The violin plots represent the distribution of the perceptive field size for the horizontal (H) meridian (the orientation of a target of 0°) and the vertical (V) meridian (the orientation of a target of 90°). The phoria group (n = 8) is denoted in dark orange and the control group (n = 8) is denoted in light green. The results were obtained in Experiment 1. Each violin plot contains the results of all three viewing distances. ***p ≤ 0.001, **p ≤ 0.01, *p ≤ 0.05.
The relationship between the binocular PF for the horizontal meridian and the amount of phoria
We tested the relationship between the binocular PF for the horizontal meridian and the amount of phoria in absolute values (both the horizontal directions of misalignment) for all subjects. We included all subjects that underwent a lateral masking with equal phase with a GP of 4 cpd, in total, 23 subjects (subjects of experiments 1, 2, and 3A). There was a low correlation between the size of the PF obtained at one meter viewing distance and the amount of phoria with the Spearman’s correlation test (rho = 0.27); however, it was significant (p = 0.049).
Experiment 2: Monocular and binocular perceptive field assessments
Experiment 1 showed a clear asymmetry of the binocular perceptive field between the horizontal and the vertical meridians as well as a binocular horizontal PF of a greater size for the heterophoric group. Since heterophoria is a binocular sensorimotor disorder and since it previously suggested the existence of an abnormal pattern for the monocular lateral interactions along the horizontal meridian in heterophoria (very poor facilitation at 3λ, significantly different from the control group)17, we wanted to compare the binocular and the monocular perceptive fields for the horizontal meridian within the heterophoric group.
Subjects
The data were collected from sixteen subjects. The eight subjects from the heterophoric group were the same as in experiment 1; seven subjects in the control group participated in experiment 1, and one new control subject was added (see Table 1). All subjects had a stereoacuity of 40 arcsec. Details about the subjects can be found in “Results” https://doi.org/10.1038/s41598-022-16458-y. No participant reported a double vision or intermittent double vision during the experiment.

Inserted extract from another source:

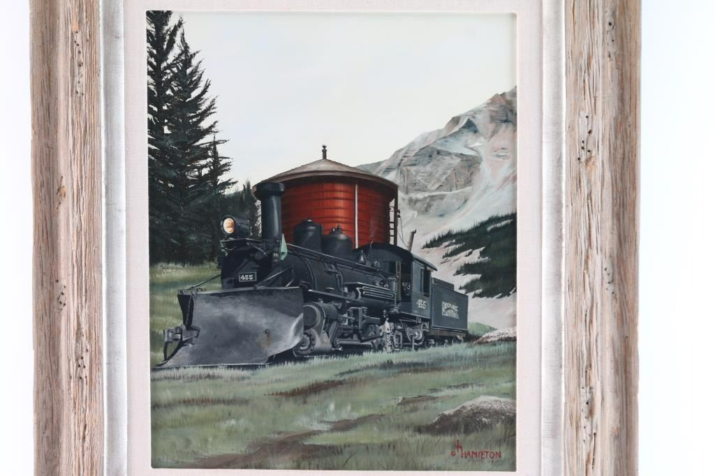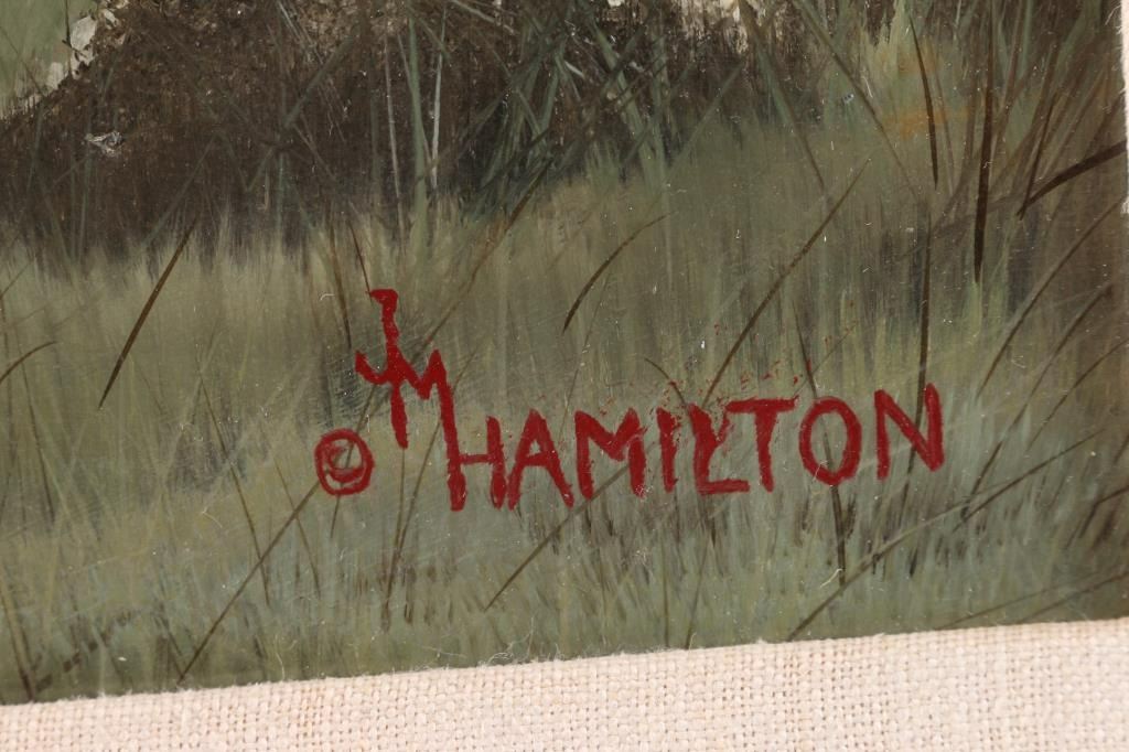 By Colorado artist, Jack M. Hamilton, entitled "Drink at Trout Lake". Hamilton loved the outdoors, nature's wildlife and American history. He spent years watching, studying and photographing his favorite subjects, often from his working cattle ranch in southern Colorado. Painting on both canvas and panel, Jack worked entirely in the medium of oil. Self-taught, Jack painted in the manner of the old masters. Hamilton was exhibited at many of the country's finest galleries and at many fine art shows. His work has been featured on the cover of, as well as in, national magazines. Measures 20" x 16".

Contrast detection threshold for single targets
The contrast detection thresholds for single targets were not statistically different between the two groups for each target orientation and eye-viewing trial. The values of the contrast detection thresholds obtained are presented in Table 4. A three-way ANOVA was performed to test the effect of target orientation (horizontal or vertical), group, and eye viewing (dominant, non-dominant, or binocular viewing) on the contrast detection threshold. We noted a a constant effect of the type of eye viewing on the contrast threshold (F (2,70) = 17.2195, p < 0.0001). A post-hoc analysis revealed that, within the control group, the average contrast threshold obtained for the non-dominant eye (0.87 ± 0.07 log units, mean ± SE) was significantly higher than during binocular viewing (0.57 ± 0.03 log units, mean ± SE) only for the vertical condition (p = 0.0007), which was in agreement with earlier studies30,31. Within the heterophoric group, no significant difference of contrast threshold was noted for both the vertical and the horizontal conditions.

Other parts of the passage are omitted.